As the focus on ESG continues to intensify for institutional investors, finding strategies to maximize alpha and manage risk while achieving evolving ESG goals is naturally top-of-mind. The institutional community has used factor investing to successfully target specific characteristics in stock selections for decades, so it’s no surprise that sophisticated investors are now using a factor approach to build a portfolio that maximizes ESG quality while delivering optimal returns and downside risk.
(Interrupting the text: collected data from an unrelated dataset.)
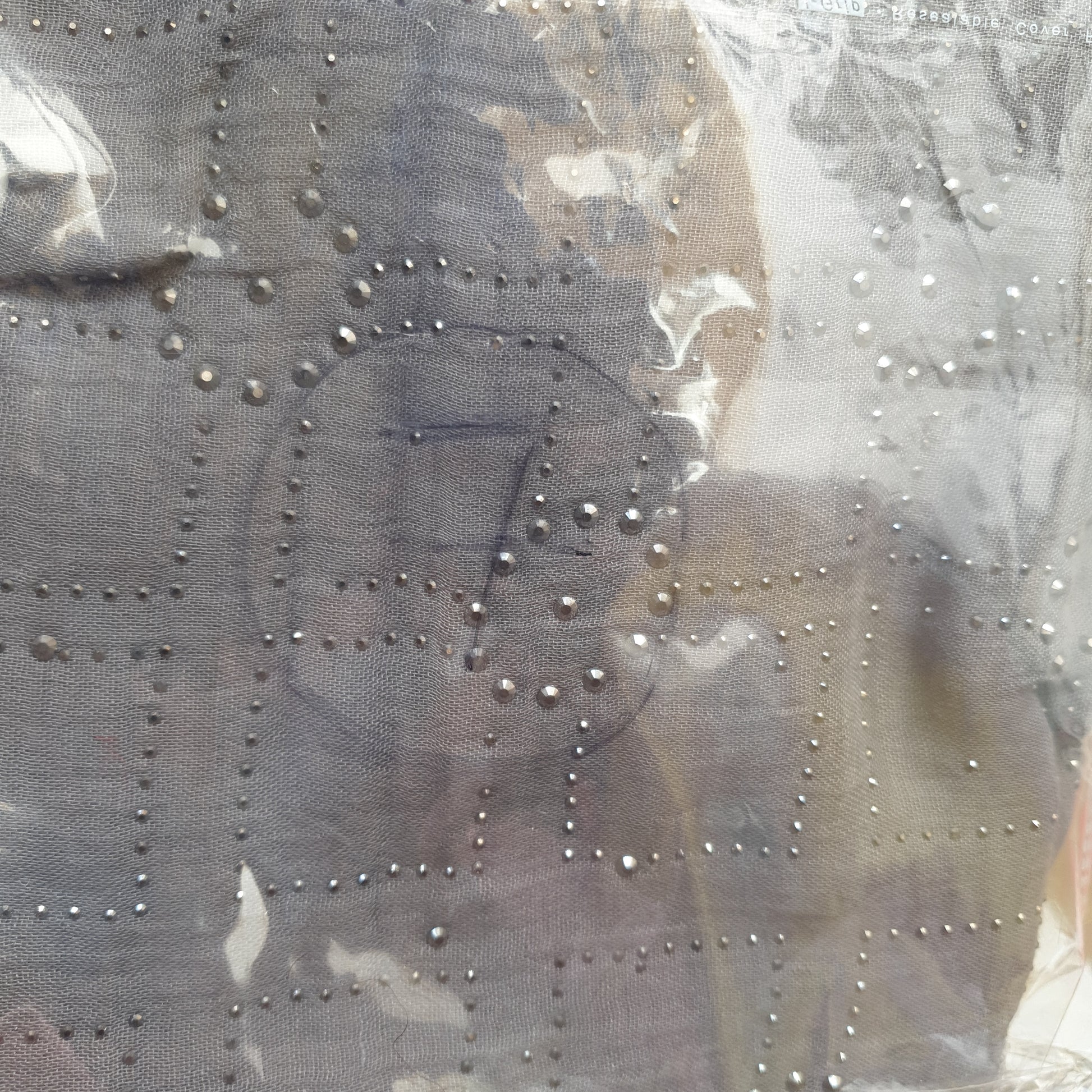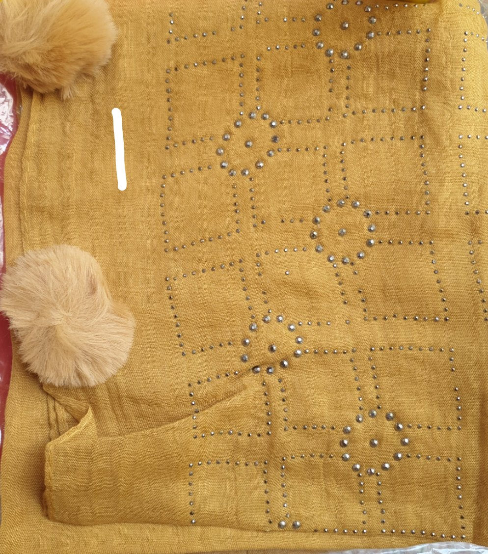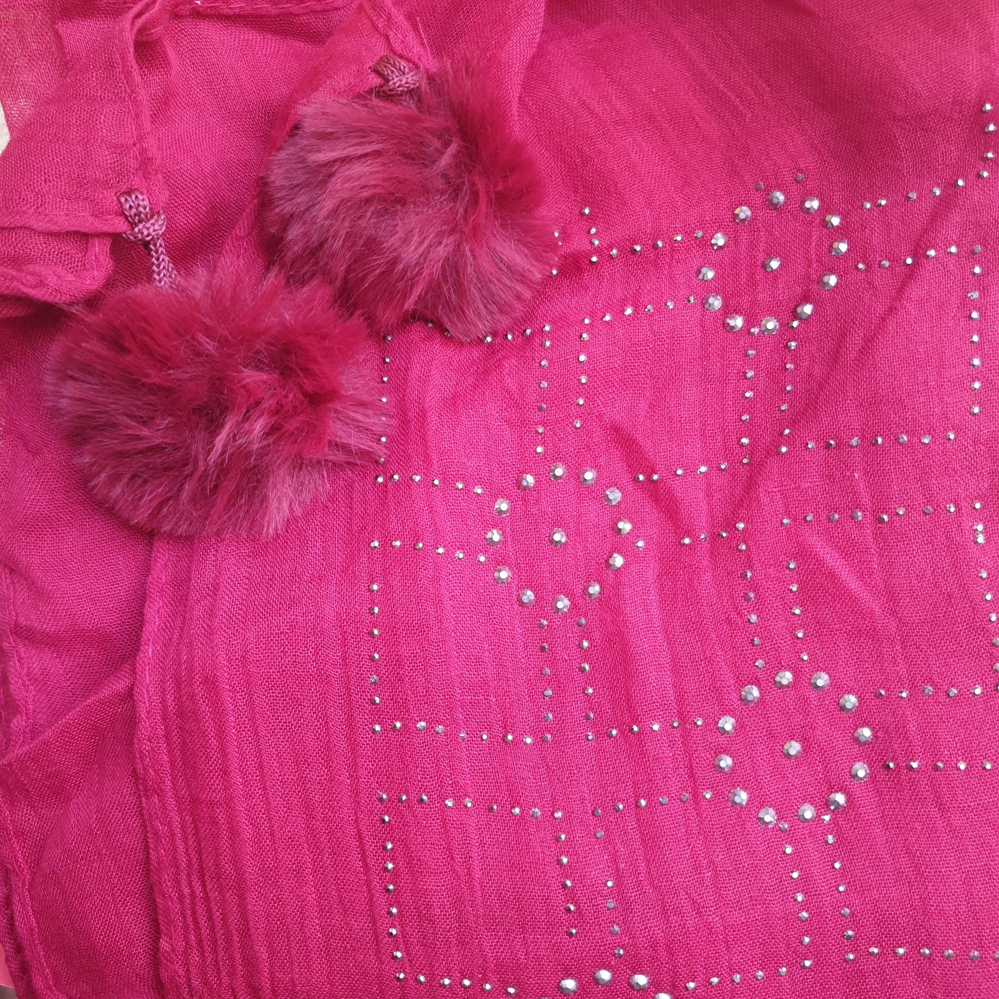 This is a 100% fabric scarf with a rhinestone decoration on one edge also two super cute pompoms.
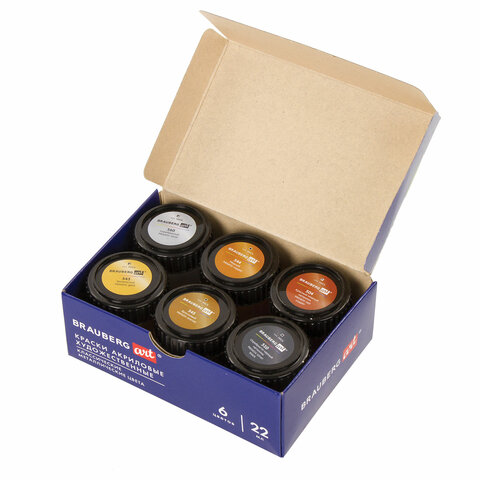 Краски акриловые художественные металлические цвета BRAUBERG ART CLASSIC, НАБОР 6 шт*22мл, 191717
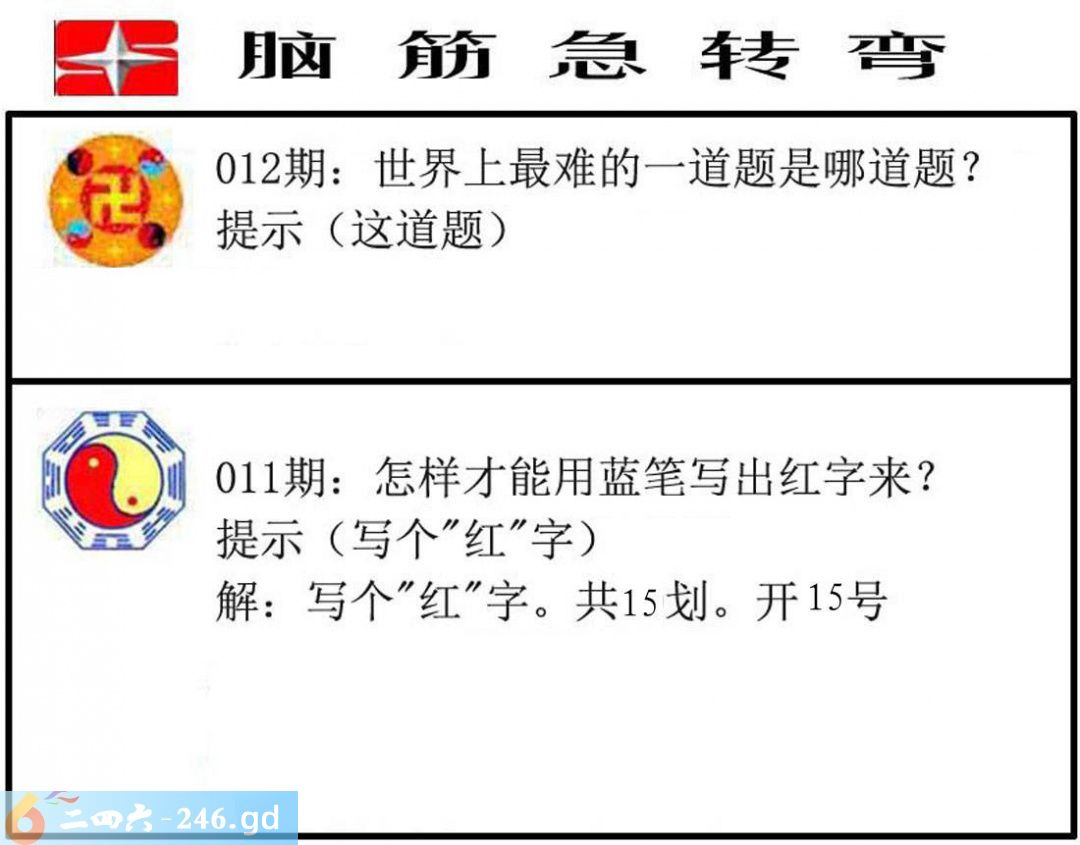 六合彩012期:脑筋急转弯
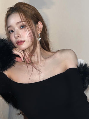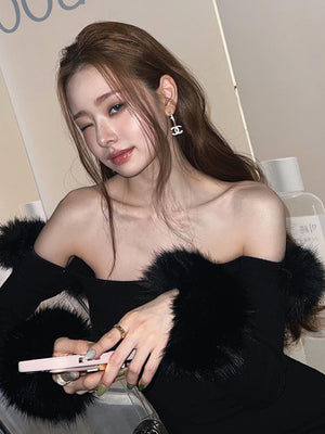 Black Off-Shoulder Solid Long Sleeves Above Knee Bodycon Polyester Dress
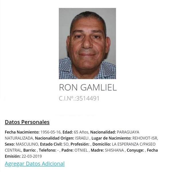 Se trata del empresario naturalizado paraguayo Ron Gamliel, quien según su cedula paraguaya tiene 65 años de edad, quien tenía orden de captura y pedido de extradición por parte de Israel, informó ABC Color.
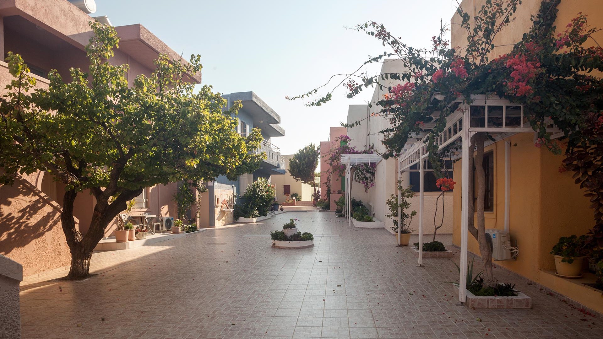 Because of its general location Evina rooms & Suites gives its guests the possibility to reach all destinations very easy and quickly. The D. E. K. K. (International Exhibition Center of Crete) is only 500 m away, due to which the hotel remains open during the winter time. In the same distance you will find the biggest Aquarium of the Balkans. Moreover, the hotel is situated only a few meters away from the Village Center, where there are some cafes, bars, tavernas, restaurants and shops. If you are looking for more fun, Chersonissos, which is a town with numerous bars and discos, is only 10 minutes drive from the hotel. There is regular bus service to Chersonissos, Agios Nikolaos and Heraklion.
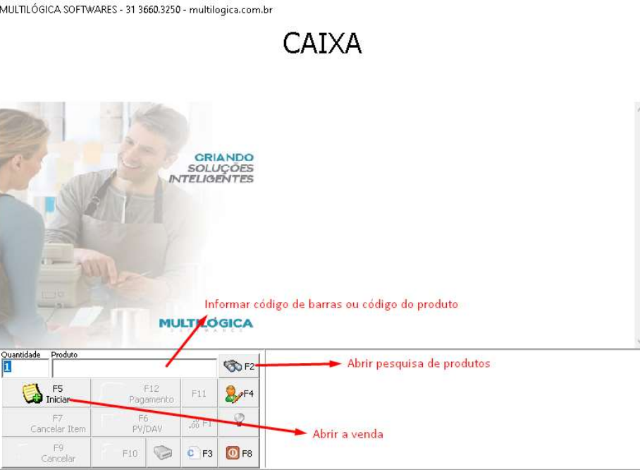 3) Na tela que será aberta, devemos digitar o código do produto ou ler o código de barras do mesmo para que a venda seja iniciada. Caso não se saiba o código do produto ou não utilize código de barras, clique no F5 para iniciar a venda e no F2 para pesquisar o produto.
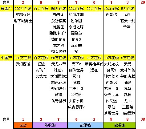 2009年到2010年网页游戏月收入统计
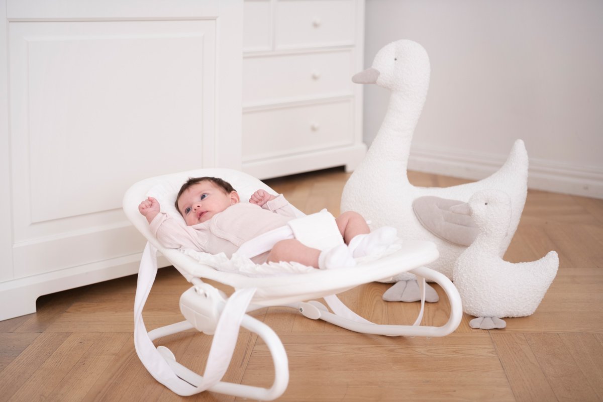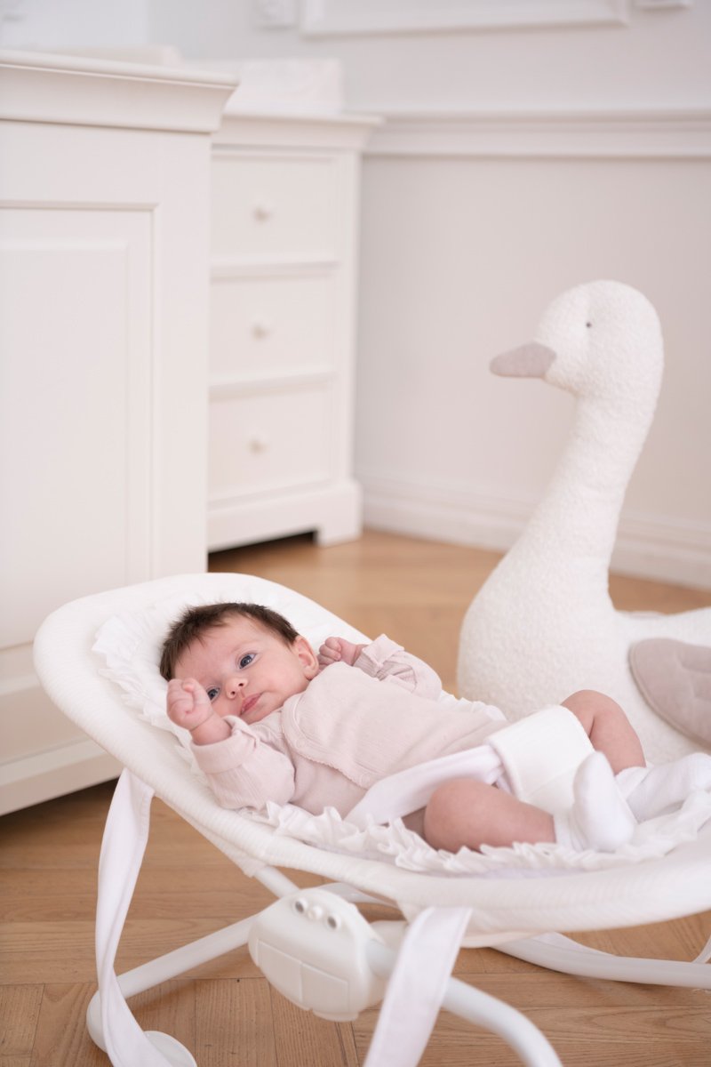 Elegant bouncer with a fabric seat from the Ivory Mist collection. The bouncer is a great place to rest your baby during the day and a great solution for those children who are not sitting alone yet. Made of the highest quality materials. Equipped with seat belts and removable overlay.
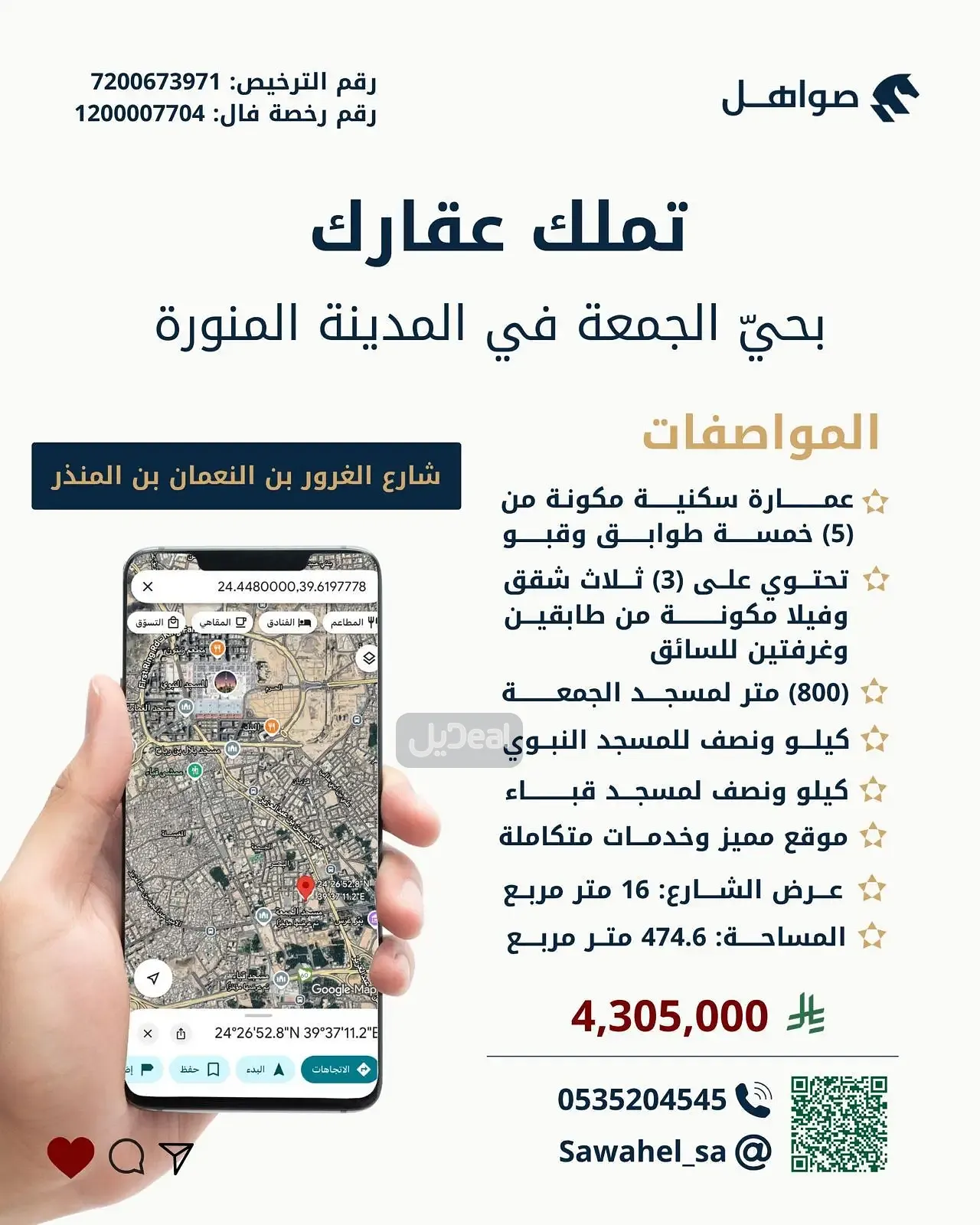 عمارة للبيع بحي الجمعة بالمدينة المنورة المواصفات: - عمارة سكنية مكونة من خمسة أدوار و قبو (بدروم) - يحتوي العقار على (3 شقق - فيلا دورين - غرفتي سائق) - عرض الشارع: 16 متر مربع • المساحــــة: 474.6 متر مربع - بالقرب من المسجد النبوي - بالقرب من مسجد الجمعة ومسجد قباء الموقع: **** مطلوب: 4،305،000ريال للتواصل والاستفسار: **** رقم الترخيص الإعلاني:7200673971 رقم رخصة فال: 1200007704 انظر الموقع على الخريطة الموقع على الخريطة

Of course, it’s no secret that there’s been a massive shift toward more sustainable investing recently. In just the past five years, for example, the global AUM in sustainable assets have more than doubled – from $1.6 trillion in 2017 to $3.3 trillion in 2021. Across the market, there’s been an associated rise in sustainable ETFs in recent years, to serve investors looking to gain easier access to ESG exposure in their portfolios. But standards and criteria for sustainability vary greatly among these products; consider that 100 sustainable ETFs were launched industry wide in Europe, Middle East, and Africa (EMEA) in the first half of 2021 alone.1
This has spurred institutional investors to call for greater transparency and reliability in sustainable ETFs, and this charge – along with the growing demand for factor-based ESG approaches that optimizes returns while controlling risk – is driving innovation to give investors more options and choice in implementing a sustainable framework. BlackRock has led this innovation by creating an ETF that answers these needs.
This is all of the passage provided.